Mom’s fight for child pits state against international law

Mom’s fight for child pits state against international law »Play Video
Lisa Kirkman in a Skype interview Monday.

PORTLAND, Ore. - A Canadian mother described her fight to free her son from Oregon foster care as “torturous” on Monday in a case that pits the state against federal law and the Hague Convention.

A year and a half ago, Noah Kirkman came to Oregon during summer vacation as a 10-year-old to visit his stepfather in Lane County, and it was there that he was put in protective custody.

Noah’s mother, Lisa, said her son, now 12, was taken because he was not with a person considered a parent even though his stepfather raised him.

“That sounds like something if you’re visiting a country in the Middle East or North Korea or something, but the U.S.? The state of Oregon?” said Lisa Kirkman by Skype from her home in Calgary.

“It’s torturous - like getting your heart ripped out,” she said about the year and a half she’s been separated from her son.

She’s gone on a public campaign to get her son back by lobbying politicians on both sides of the border and by doing interviews.

On one interview with CTV, Kirkman explained what happened in 2008 when she sent Noah to the small town of Oakridge, Ore. with her husband.

“The cops recognized other kids, of course, (but) didn’t recognize my son (and) kept seeing this child who said he’s Canadian,” she said in that interview.

Police said they saw Noah around town several times, trespassing at the city’s industrial park, and sitting alone on a fence. They said after questioning the boy he could not explain who he was staying with and why. When they ran his name, they found a past with Canadian Social Services. They then referred him to the DHS.

 His mother said Noah has severe ADHD and other anxiety disorders that kept him from clearly explaining his situation.

“What it literally says on the court order is the reason for keeping Noah is that I abandoned Noah down there, and that I neglected him by sending him down to Oregon to stay with someone who does not have parental authority,” she said in the CTV interview. “John is the only father Noah knows.”

She said Noah had his birth certificate, passport and a note that said his stepfather had permission to care for him.

Kirkman said she believes the real issue is that she’s an outspoken cannabis activist.
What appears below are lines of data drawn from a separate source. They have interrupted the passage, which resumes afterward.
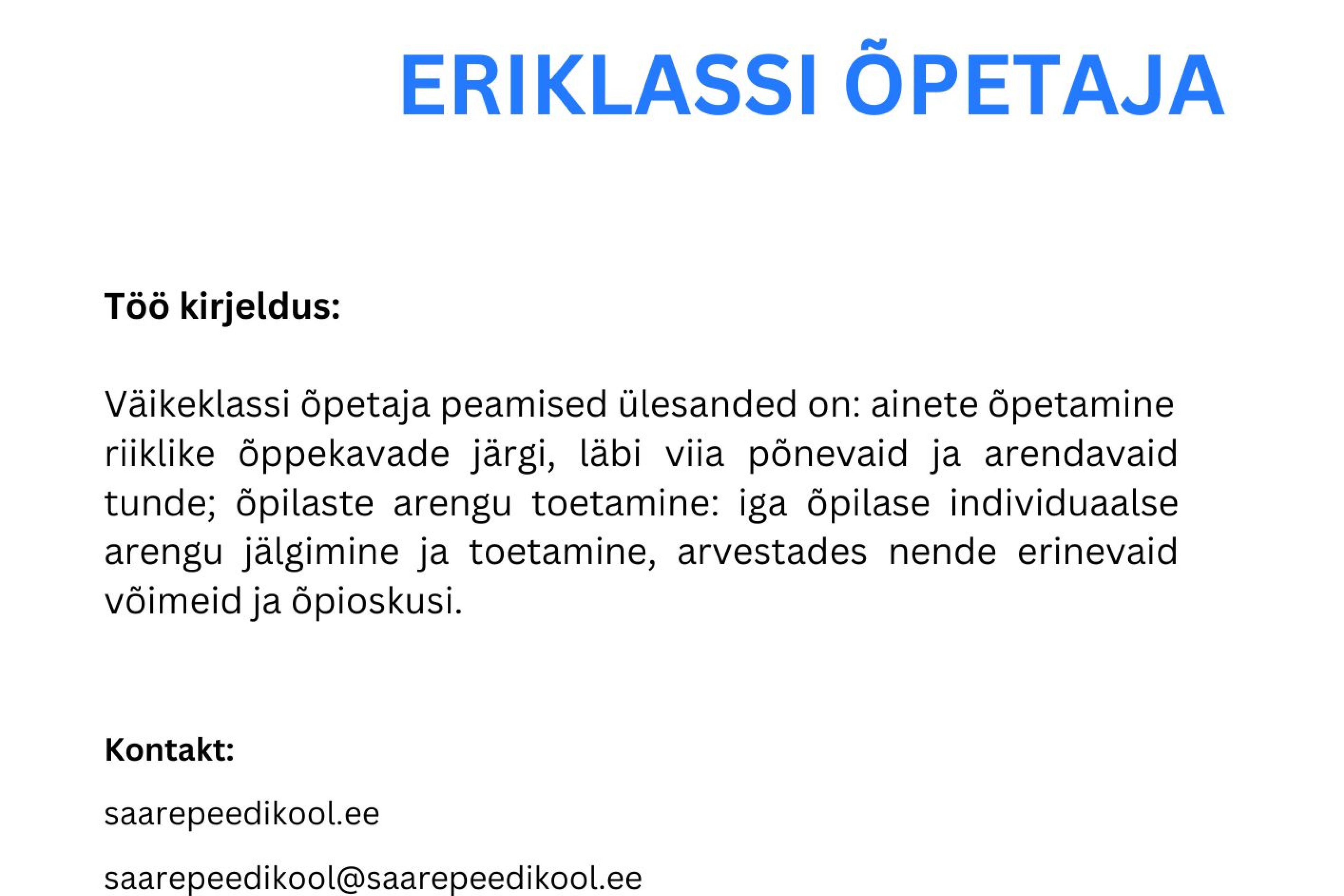 Otsime eriklassi õpetajat.
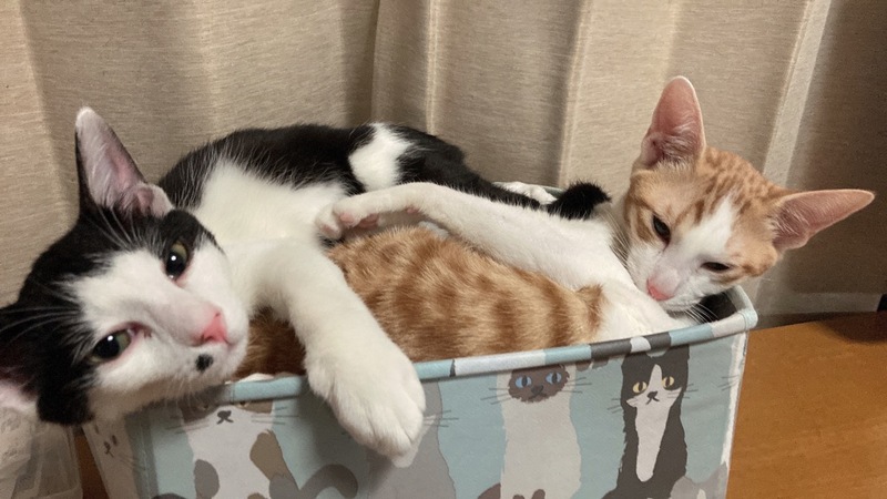 | 特徴(性格など) | 1匹ずつで里親さん募集をしていましたが、 まるで本当の兄弟のように仲良しですので、 これからもずっと一緒に可愛がってくださる 里親さんへの譲渡を希望しております。 ☆ハチワレちゃん☆ 保護した当初は怖がりさんでしたが、 茶白ちゃんを初対面から気に入り、 すぐに仲良くなりました。 目を細めて嬉しそうに 「サイレントにゃー」をするお顔が とても可愛いです。 ☆茶白ちゃん☆ ハチワレちゃんとは、 ほぼ同じ月齢・体格でしたので、 すぐに意気投合したようです。 ジャンプが得意で、高いところが大好きです。 猫じゃらしが特に気に入っていて 誰よりも高く飛ぼとうと何度でも挑戦します。 お留守番の時や夜の時間は 同じケージで2匹で抱き合って寝ています。 ずっと一緒に遊んで、食べて、 寝てくれている姿は まさに“福ねこちゃん”です!! |
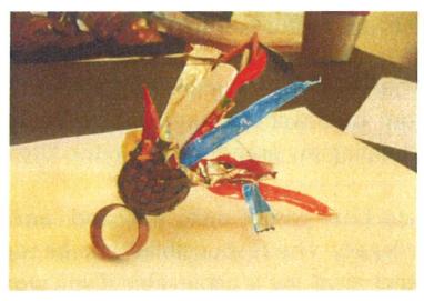 Keri-Mei made this ring using a collection of rubbish she found at Porirua harbour. “I hope this makes people think about what they are doing to each other and our land. The weaved basket is made of recycled copper. It represents how we use kete to collect our kai moana. It is filled with rubbish. Ironically enough, it is all food rubbish, and all from our poor harbour.”
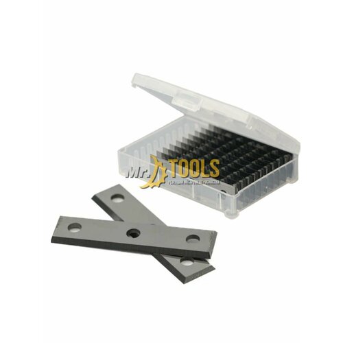 Сменные ножи 50х12х1,7 мм устанавливаются на соответствующие концевые фрезы, имеют 4-х стороннюю заточку и три крепежных отверстия d=4 мм. По мере износа режущей кромки пластина переворачивается.
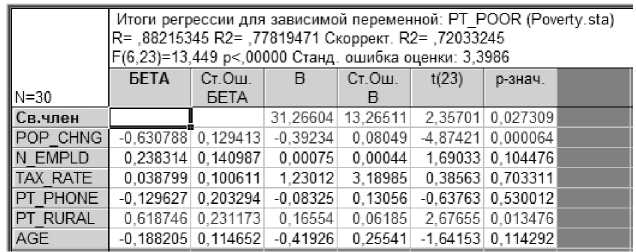 PT POOR = 31,26604 - 0,39234 • POP_CHNG + 0,00075 • N EMPLD + + 1,23012 • TAX RATE - 0,08325 • PT PHONE + 0,16554 • PT RURAL - 0,41926 • AGE.
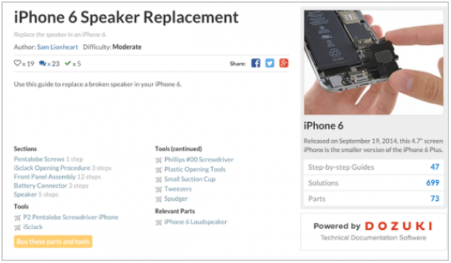 وب سایت ifixit یک فروشگاه ابزار و اجزای الکترونیک است که دستورالعمل های تعمیر بصورت دستی را مرحله به مرحله در اختیار کاربران قرار میدهد. بعنوان مثال در تصویر زیر مراحل تعویض اسپیکر آیفون 6 را مشاهده میکنید.
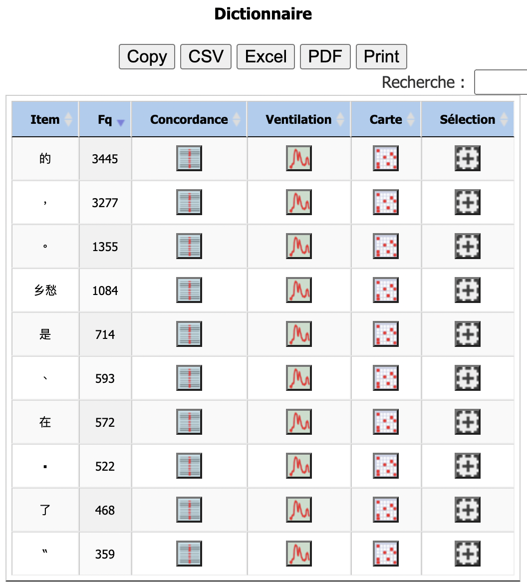 où nous avons recours au module JIEBA pour la tokénisation du chinois. Néanmoins, le fichier n'a pas été correctement chargé sur iTrameur. Par conséquent, nous ne pouvons que
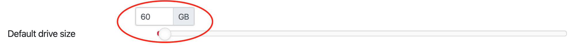 2.Drag the Default drive size slider in order to increase its capacity, or simply type the desired size in GB. It is not possible to reduce the size of a drive, since this is a very risky operation on most operating systems.
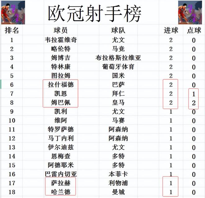 射手榜方面,法兰克福今天取得5个进球,有2个是乌龙,没有人梅开二度。拉什福德和特林康今天梅开二度,追上凯恩,姆巴佩,图拉姆,韦拉霍维奇等人2球并列榜首。哈兰德破门,和萨拉赫,马丁内利等人都是1球上榜。
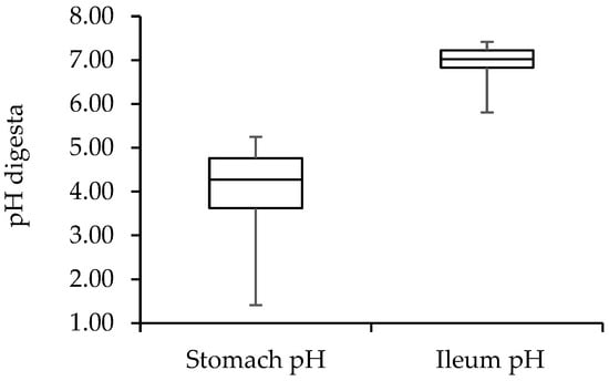 Box plots representing individual variation in digesta pH of the stomach and the ileum 4 h after the piglet’s last meal. Piglets were ± 47 days of age (3 weeks post-weaning). Average stomach pH was 4.04 (SD = 0.991) and average ileal pH was 7.03 (SD = 0.323). The data represent 213 individual piglets that were fed one of 31 experimental diets containing protein-rich feedstuffs (6–8 piglets/experimental treatment; between 2017 and 2020 at Schothorst Feed Research B.V., Lelystad, The Netherlands). The pH of the stomach was measured in the stomach content after thorough mixing. Ileal digesta were taken from the last 2 m of the small intestine and mixed before measuring the pH value.
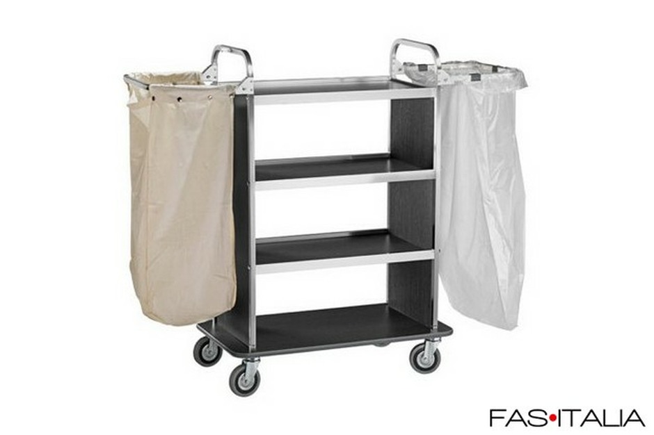 È progettato per contenere comodamente la biancheria d'hotel e tutto il necessario per il servizio ai piani.
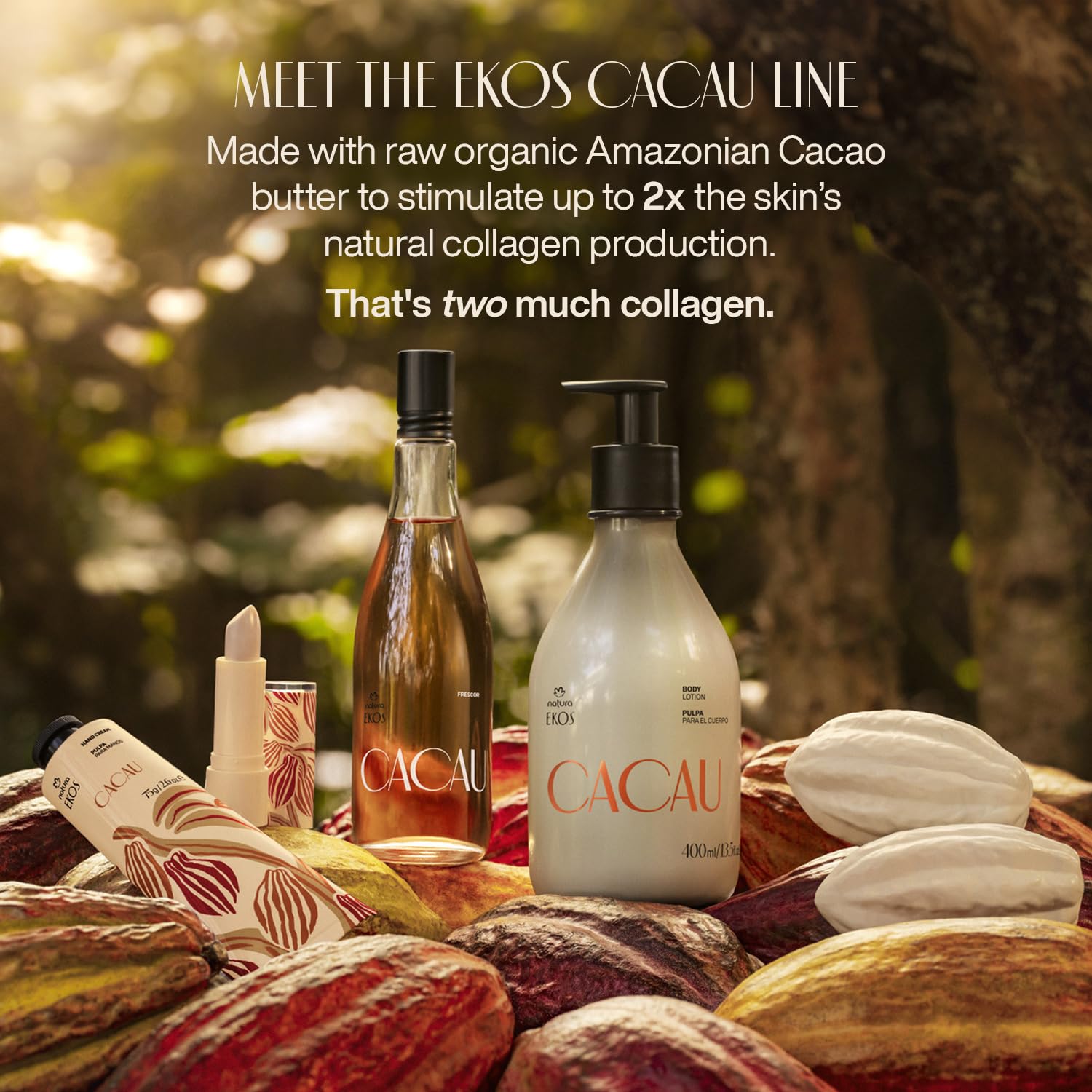 - Deeply Hydrated, Healthier Lips – Powered by Amazonian Cacau Experience long-lasting hydration and restored softness with Natura Ekos Cacau Lip Balm. Infused with raw, organic Amazonian Cacau butter, this balm stimulates up to twice the collagen production, helping to replenish dry, damaged lips while reinforcing your natural lip barrier.

She was convicted for growing medical marijuana without a permit and was sentenced to ten hours of community service. That conviction was not enough to lose Noah then or his sister now.

“They didn’t take my daughter - my daughter’s seven. Why not send him to my parents or to my sister?” she said in the Skype interview. “It simply just does not make sense to me why my son should be down in the Oregon foster care system taking up a space that could be better used to help a child from Oregon.”

DHS said it is working to return the child to Canada and a hearing date will be set on Tuesday.

Juvenile records in the case are closed and the Department of Human Services doesn’t comment on these types of cases.